Description:
In this role, you will provide technology-based services incorporating strategy, design, development, delivery, and maintenance of technological solutions to meet business needs.
Be part of a team that…
- provides low latency high throughput authorisation services to NAB systems enabling our millions of customers and a plethora of internal teams to operate services safely and reliably at scale.
- With scale comes exciting challenges in our day-to-day work.
- We love solving problems with code (reliability-as-code, observability-as-code, x-as-code) and given the high usage and scale of our services, there will be plenty of areas to grow and explore.
In this role you will:
- Define and drive Infrastructure as Code (IaC) patterns and automation approach for changes and environment maintenance.
- Find problems, fix problems – end to end solution oversight and proactively prevent incidents in Production through use of Machine Learning and AI technologies.

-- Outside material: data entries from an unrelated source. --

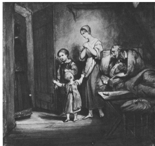
Ary Scheffer (1795-1858), Het arme gezin kijkt in grote dankbaarheid de rijke weldoenster na, die juist het vertrek verlaat.

Begin negentiende eeuw was het volksvoedsel zeer eenzijdig geworden: driemaal daags aardappelen. Een mislukte aardappeloogst, zoals in 1816 / 1817, had dan ook grote gevolgen: velen hadden nauwelijks meer te eten. Vooral 1816 was een rampjaar. Door aanhoudende stortregens in Duitsland en Zwitserland steeg het water in de Rijn en IJssel zo hoog, dat de zomerkaden het niet meer konden keren. De Loowaard liep op 8 juli onder water. Ook een groot
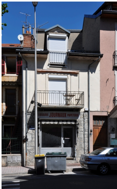
Vue générale IVR82_20117300490NUCA
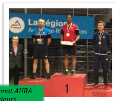
3 e place au championnat AURA Vétérans 1 messieurs
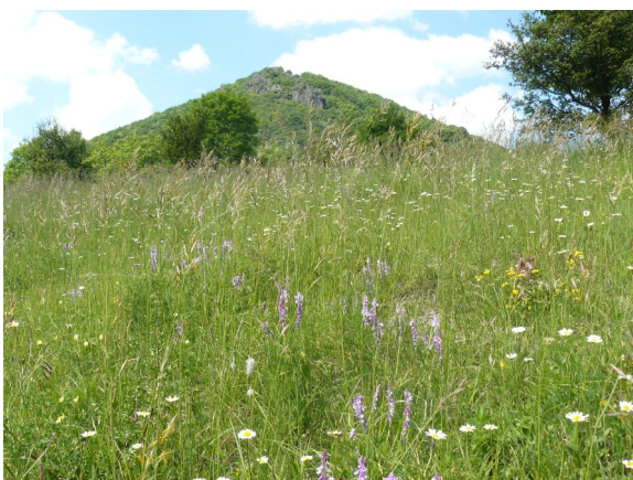
Obrázek 11 Bílá stráň pod Lipskou horou – udržovaná část
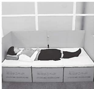
段ボールベッドの一例

質問 社会福祉協議会を窓口としたボランティア受け付け体制の準備はできているか。コロナの体制に入ったことを前提にしての答えを。 健康福祉課長 コロナを前提とした窓口というのはいまだ設定はしていません。 提案 避難の練習をやってみたらどうか。例えば保健センターの2階の一角にスペースの展示をして、村民の皆さんに体験してもらおうというように、本町の災害時のイメージトレーニングは大切だ。知っているのと行動の差がでてくる。段ボールの間仕切り、段ボールのベッドはこんなもんですよ
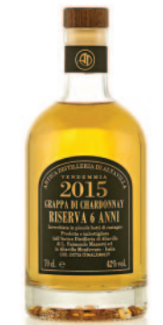
CHARDONNAY RISERVA 6 ANNI
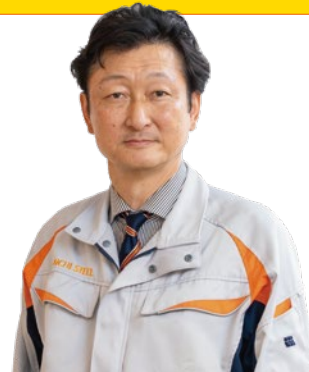
経営役員 営業統括本部長

2024年度から、営業統括本部は営業企画部、トヨタ営業部、特殊鋼営業部、ステンレス営業部の4部門体制となりました。国内外全てのお客様からの信頼を軸に、期待される営業を目指し、価値創造の源泉となる「先読みの顧客ニーズ発掘」で、企画提案する力を磨いてまいります。さらなる成長戦略となる次世代開発テーマの事業化については、開発本部との連携を緊密にして、顧客ニーズへの迅速な対応と、ビジネスモデルの確立を図ります。また、各カンパニーとの協業を強化し「モノづくり力との連携体制」を築き、変化する市場動向に対応していきます。そして、組織を支える営業人材の育成においては、現地現物での理解を徹底しつつ、厳しくも温かい風土の醸成に努めてまいります。
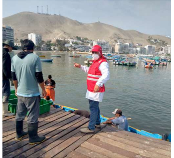
Código: RF/ODCAL/2022-02 Fecha: 13/02/2022 Lugar: MOLO MUELLE ANCÓN Descripción: Descarga de perico.
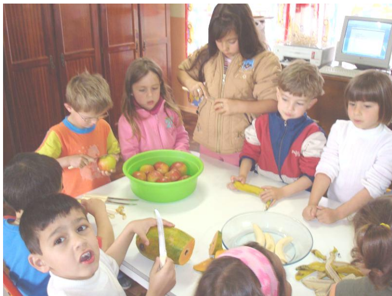
CORPO SAUDÁVEL – OFICINA CULINÁRIA – SALADA DE FRUTA
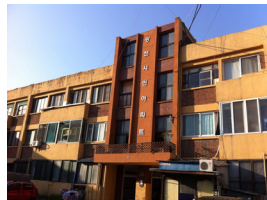
광천시민아파트 Citizen's Apartment in Gwangcheon-dong
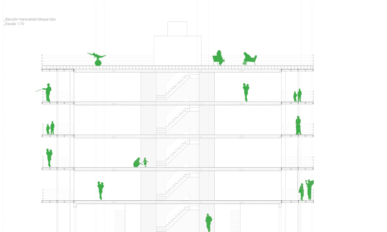
Sección transversal bloque tipo Escala 1/10
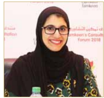
البوشي متحدثاً في منتدى "تمكين"

برنامج لدعم زيادة رأس المال من خلال "سوق البحرين"
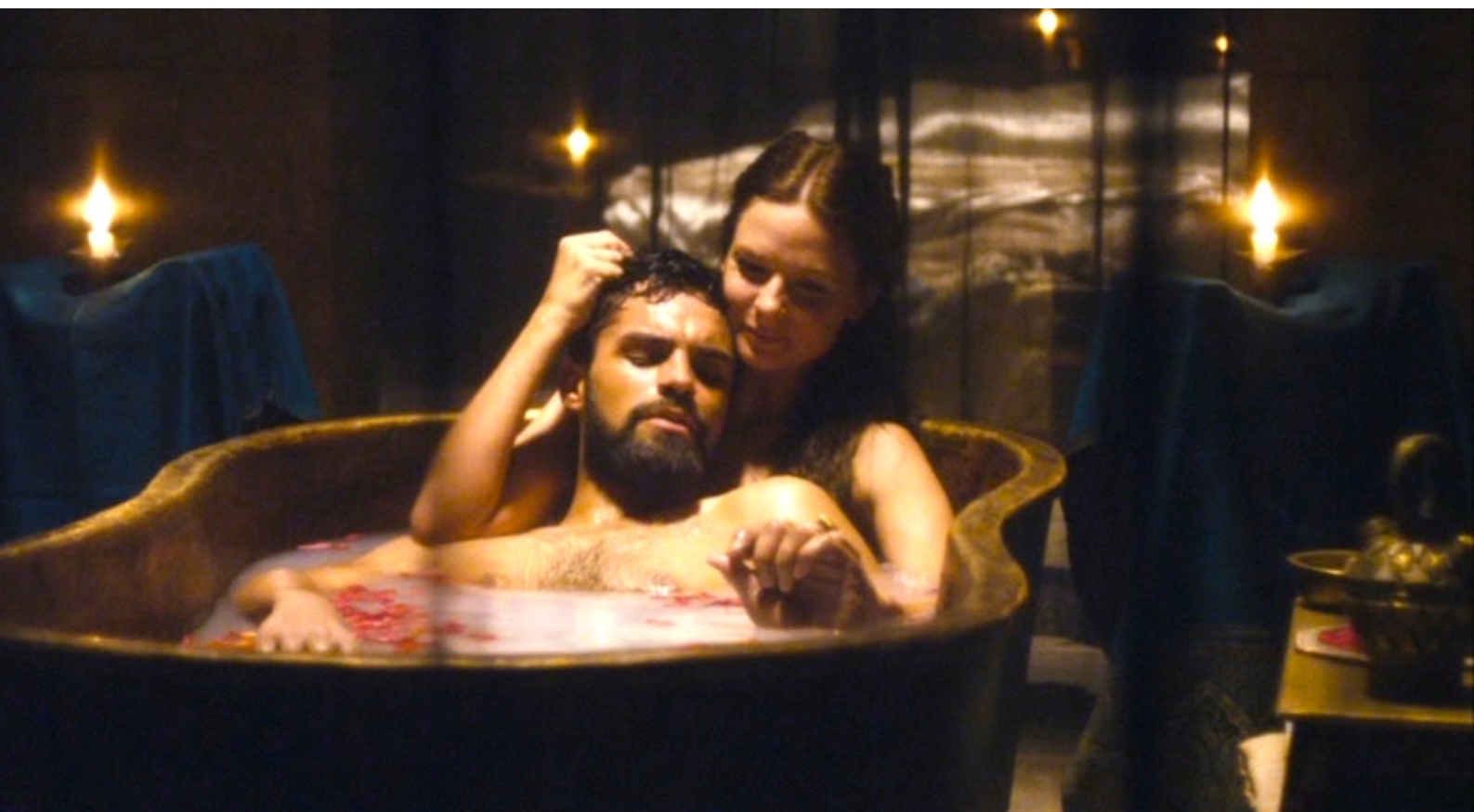
The Red Tent : ... et se marient sans demander l'autorisation de Jacob.
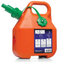
BIDÃO COMBUSTIVEL 6 LITROS LARANJA 505 69 80-01
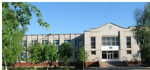
Комплексний проєкт з термомодернізації громадських будівель м. Запоріжжя
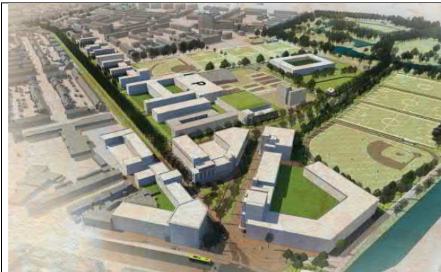
Visualisatie zichtlijn richting sporthal uit de visie (blz. 30)

De sporthal ligt in de zichtlijn vanaf het nieuwe Stadionplein richting Schoterbos en is daarmee ook qua oriëntatie van belang. Daarnaast zal de ruimtelijke kwaliteit van de route door herinrichting toenemen en daarmee aantrekkelijker en toegankelijker worden voor gebruik en waardoor de sociale veiligheid zal toenemen.
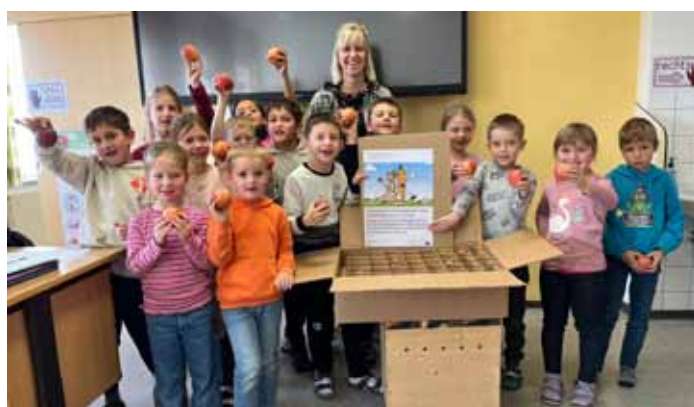
Erste Bio-Äpfel-Lieferung für die Schule

Wir sind bereits voller Vorfreude auf das Jahr 2026, bei dem wir neben dem Kinderfasching auch wieder ein Ferienprogramm für die Nebelberger Kinder machen möchten. Dafür möchten wir uns jetzt schon bei allen bedanken, die uns unterstützen.
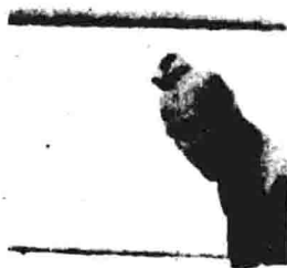
潜入奥运村的“黑九月”恐怖分子
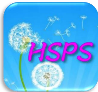
科技化學習扶助蒲公英 8位
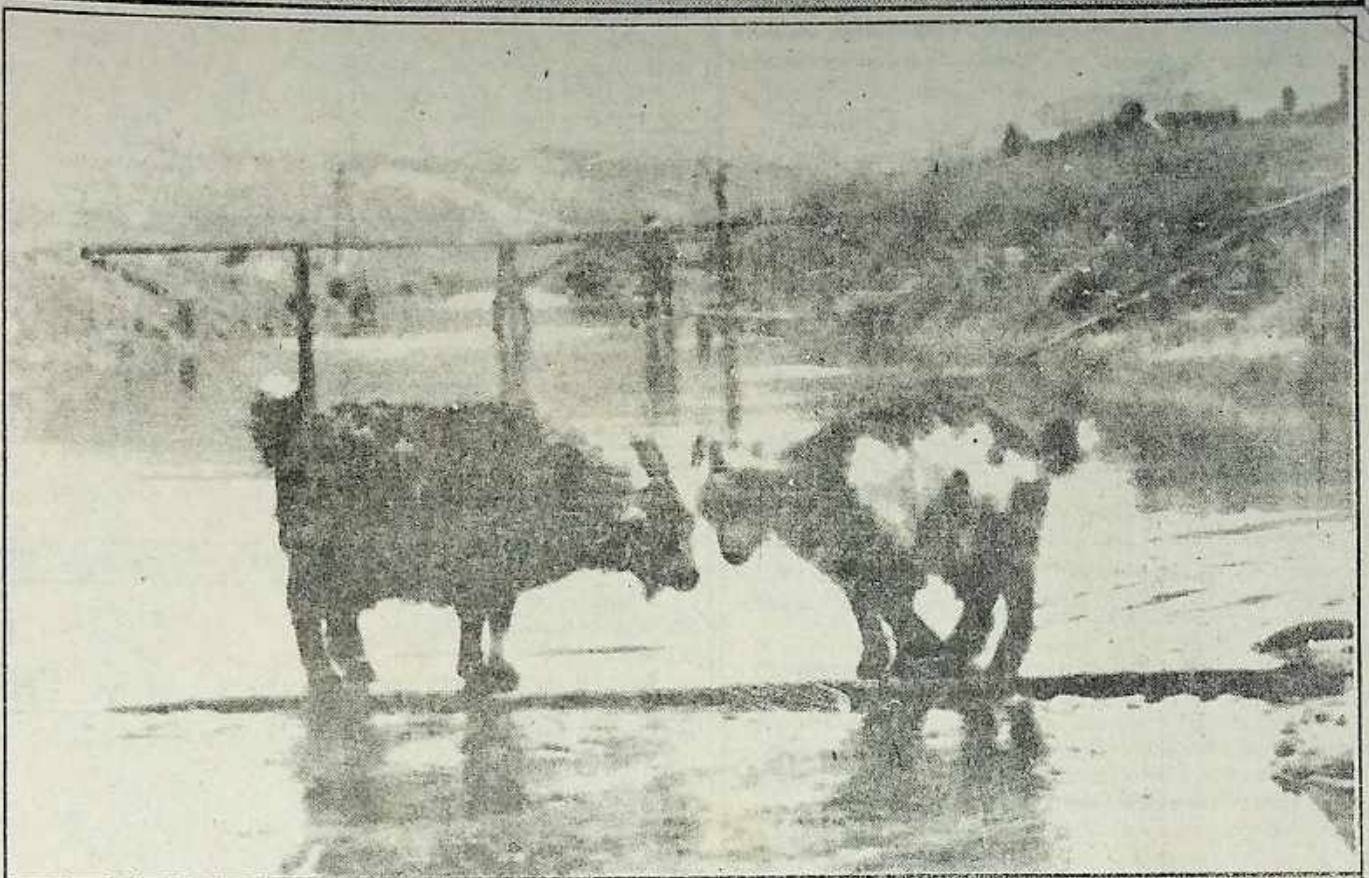
Не легко дается компромисс

На вопросы отправлять в адрес редакции. Можно присылать ответы и активные участники ждут призы и сор-
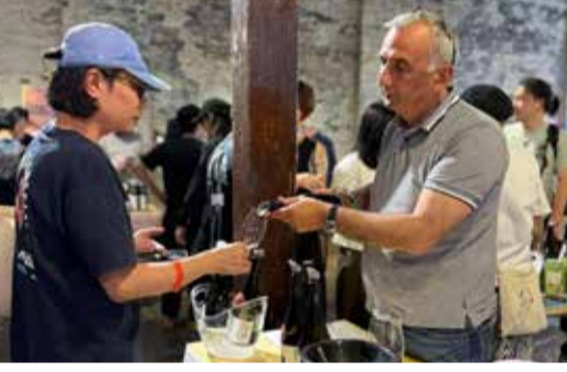
შესაძლებლობა მიეცათ, დაეგემოვნებინათ ქართული მარნების: „იორა“, „მანავი ვაინსი“ და „ბაღდათი ისთეითის“ ღვინოები.

გამოფენაზე მისულ სტუმრებს, ღვინის პროფესიონალებს, კომერციული სფეროს წარმომადგენლებს და მომხმარებლებს
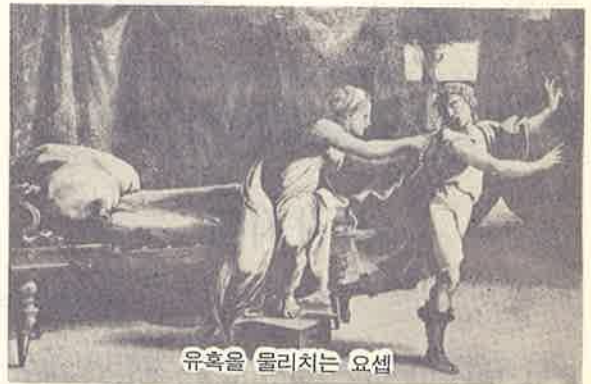
유혹을 물리치는 요셉

주인 아내는 자신의 구애가 실패로 돌아가자 요셉을 궁지에 빠뜨리는데 혈안이 되었다. 요셉을 ‘저 히브리 녀석’이라고 부르는데 이것은 이스라엘 사람들을 경멸조로 부를 때 사용하는 용어이다. 부인은 여기서 그치지 않고 내친 김에 요셉의 옷을 챙겨 두었다가 주인이 오기를 기다려 요셉을 또다시 증상모략한다. 그리고 부인은 이 모든 사태의 책임을
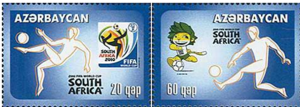
*AZERBAIJÃO – 18.05.2010, 20 e 60 G, apresentando minfolha com 5 se-tenants.
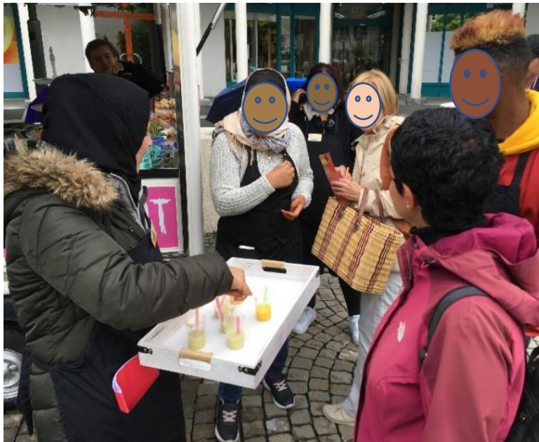
La place du marché à Epalinges – lieu de dégustations, de contacts et de rencontres

Notre programme a lieu à Epalinges sur 5 matinées par semaine et représente une combinaison bien réfléchi de formation en classe (environ 80 à 90%, selon les saisons) et de dégustations, ventes et autres activités en dehors de nos locaux. En accord avec les instances du social, les participants ne sont pas rémunérés pour ces heures d'activités collectives, qui nécessitent beaucoup de coaching et d'encadrement. En retour, ils reçoivent des bénéfices matériels (goûter et boissons, sorties, agenda, vêtement de travail etc.) et immatériels, à savoir beaucoup de compliments et de reconnaissance pour leurs produits! Il est parfois touchant de voir des clients fidèles revenir et reconnaître nos participants – et vice versa. Être connu et re-connu, c'est signe que vous comptez pour les autres, que vous existez, que vous commencez à avoir votre place dans la société d'accueil.

- In-depth knowledge of monitoring and alerting for Production stacks
- Manage stakeholders and improve incident triage processes by liaising with Business, Service Owners, Service Delivery and Global Operations Centre.
- Identify shared engineering problems/gaps that have not been solved and work with NAB Engineering Framework (NEF) to develop/contribute those patterns to the wider NAB community.
- Support the compliance, governance and vulnerability management for the services, platform, and cloud infrastructure.
- Guide Infrastructure capacity planning activities to ensure safe usage and scaling of services.
- Work with Engineering Managers and Scrum Masters for inputs into agile planning.
- Knowledge of algorithms and data structures.
Continuous improvement (Passion for customers)
- Maintaining and improving existing code repos and peer review code changes while also being a code owner for any infra changes.
- Continually seek out relevant industry and technical knowledge to improve on professional skills.
- Identify cloud cost optimizations and compliance actions to help team become more productive/efficient overall.
What You’ll Bring…
Essential skills:
- Proven Site Reliability Engineering experience involved in delivering on operational support of high concurrent, low latency workloads.
- Experience in Information Technology coupled with tertiary qualifications such as BSc/BE in Computer Science or a related discipline.
- Proficiency in languages such as Python and Ansible.
- Experience in at least one major cloud provider such as AWS/Azure/GCP.
- Familiarity with various operating systems (Linux, Mac OS, Windows).
- Proficiency with containerisation technologies (Docker/Kubernetes).
- Experience with Open Telemetry (OTel) using system monitoring tools (e.g. AppDynamics, Splunk) and open-source performance testing frameworks (e.g. JMeter, Karate)
- Strong analytical and reasoning skills with an ability to visualise processes and outcomes.
- Outstanding all-round communication skills and ability to work collaboratively.
- Provide 24x7 escalation support to ensure the reliability, availability, and performance of critical production systems, promptly addressing and resolving incidents and outages to minimize downtime and ensure seamless operations.
- Experience with ITSC systems such as Service Now.